═════ Task data ═════

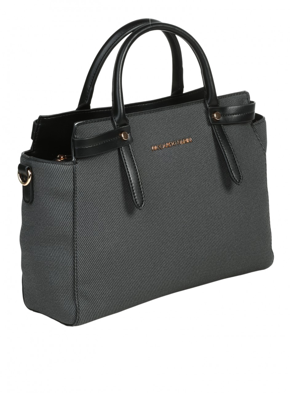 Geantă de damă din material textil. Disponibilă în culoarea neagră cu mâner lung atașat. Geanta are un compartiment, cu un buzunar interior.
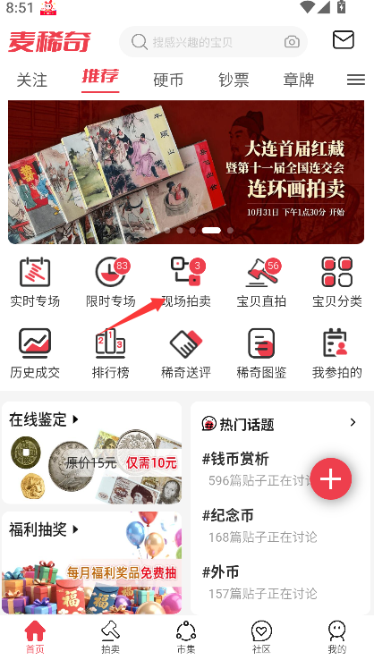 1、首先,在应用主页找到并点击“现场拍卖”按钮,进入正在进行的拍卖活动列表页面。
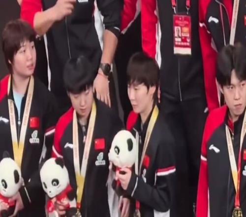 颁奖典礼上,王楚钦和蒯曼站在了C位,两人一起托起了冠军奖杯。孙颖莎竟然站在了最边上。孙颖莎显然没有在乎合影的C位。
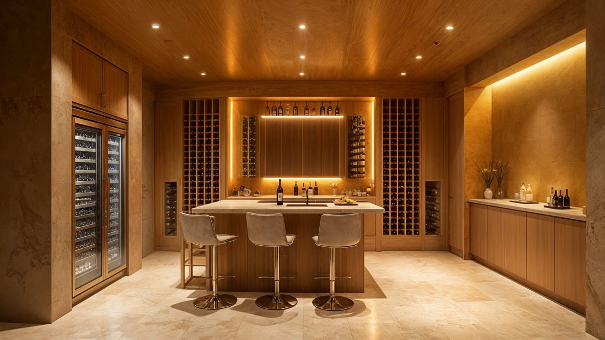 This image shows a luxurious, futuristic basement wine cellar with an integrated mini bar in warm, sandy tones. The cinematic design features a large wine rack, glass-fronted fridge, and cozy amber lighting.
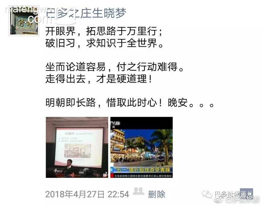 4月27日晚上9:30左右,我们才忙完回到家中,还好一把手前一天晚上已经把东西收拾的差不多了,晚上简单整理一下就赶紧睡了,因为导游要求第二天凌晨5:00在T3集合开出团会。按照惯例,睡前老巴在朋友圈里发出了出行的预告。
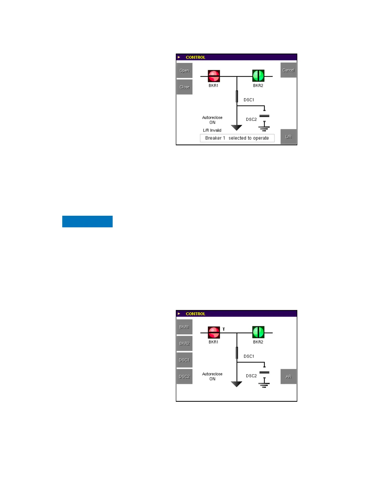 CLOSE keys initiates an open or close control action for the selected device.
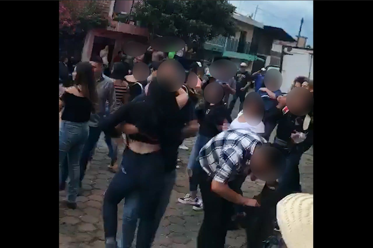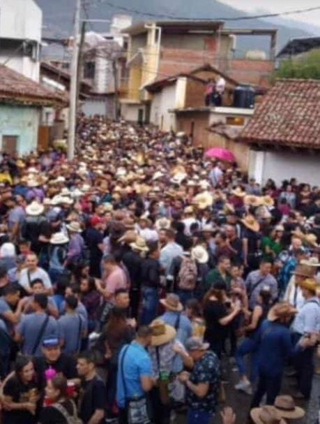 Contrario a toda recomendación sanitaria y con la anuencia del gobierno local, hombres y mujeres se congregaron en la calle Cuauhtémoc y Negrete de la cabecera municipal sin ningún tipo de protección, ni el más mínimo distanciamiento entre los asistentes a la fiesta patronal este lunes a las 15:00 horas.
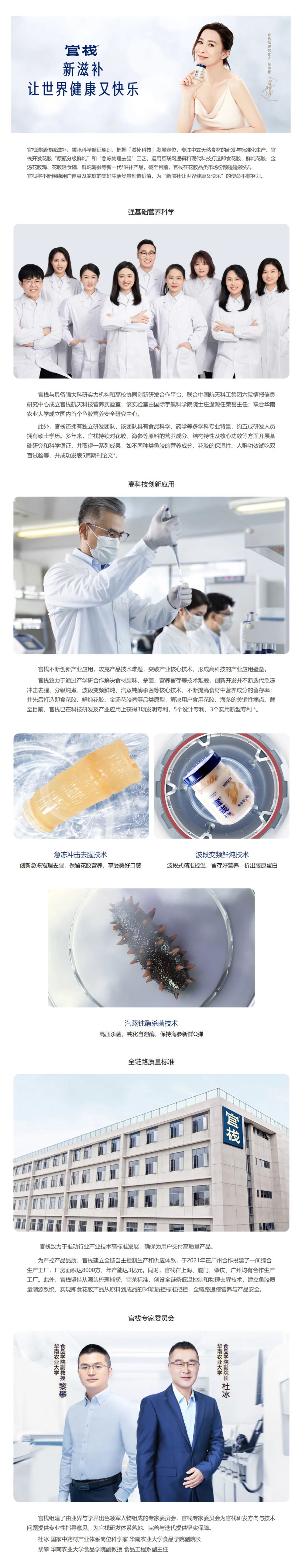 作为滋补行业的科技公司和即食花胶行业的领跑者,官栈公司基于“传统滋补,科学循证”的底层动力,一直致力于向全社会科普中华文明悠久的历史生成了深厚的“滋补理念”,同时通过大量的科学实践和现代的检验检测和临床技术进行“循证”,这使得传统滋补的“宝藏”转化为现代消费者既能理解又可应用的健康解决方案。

═════
═════ Task data ═════

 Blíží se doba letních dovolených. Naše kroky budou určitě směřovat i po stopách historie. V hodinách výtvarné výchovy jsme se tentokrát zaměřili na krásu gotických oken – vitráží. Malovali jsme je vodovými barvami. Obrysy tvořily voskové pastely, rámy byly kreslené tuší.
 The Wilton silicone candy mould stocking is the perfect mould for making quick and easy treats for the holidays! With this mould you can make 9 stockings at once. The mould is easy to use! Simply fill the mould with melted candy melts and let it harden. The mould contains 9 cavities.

═════

● **Task requirements**:
Starting at the line containing "CLOSE keys initiates" and finishing at the line containing "作为滋补行业的科技公司和即食", return those lines exactly as they appear above, without the pictures.

● **Answer to this task**:
 CLOSE keys initiates an open or close control action for the selected device.
 Contrario a toda recomendación sanitaria y con la anuencia del gobierno local, hombres y mujeres se congregaron en la calle Cuauhtémoc y Negrete de la cabecera municipal sin ningún tipo de protección, ni el más mínimo distanciamiento entre los asistentes a la fiesta patronal este lunes a las 15:00 horas.
 作为滋补行业的科技公司和即食花胶行业的领跑者,官栈公司基于“传统滋补,科学循证”的底层动力,一直致力于向全社会科普中华文明悠久的历史生成了深厚的“滋补理念”,同时通过大量的科学实践和现代的检验检测和临床技术进行“循证”,这使得传统滋补的“宝藏”转化为现代消费者既能理解又可应用的健康解决方案。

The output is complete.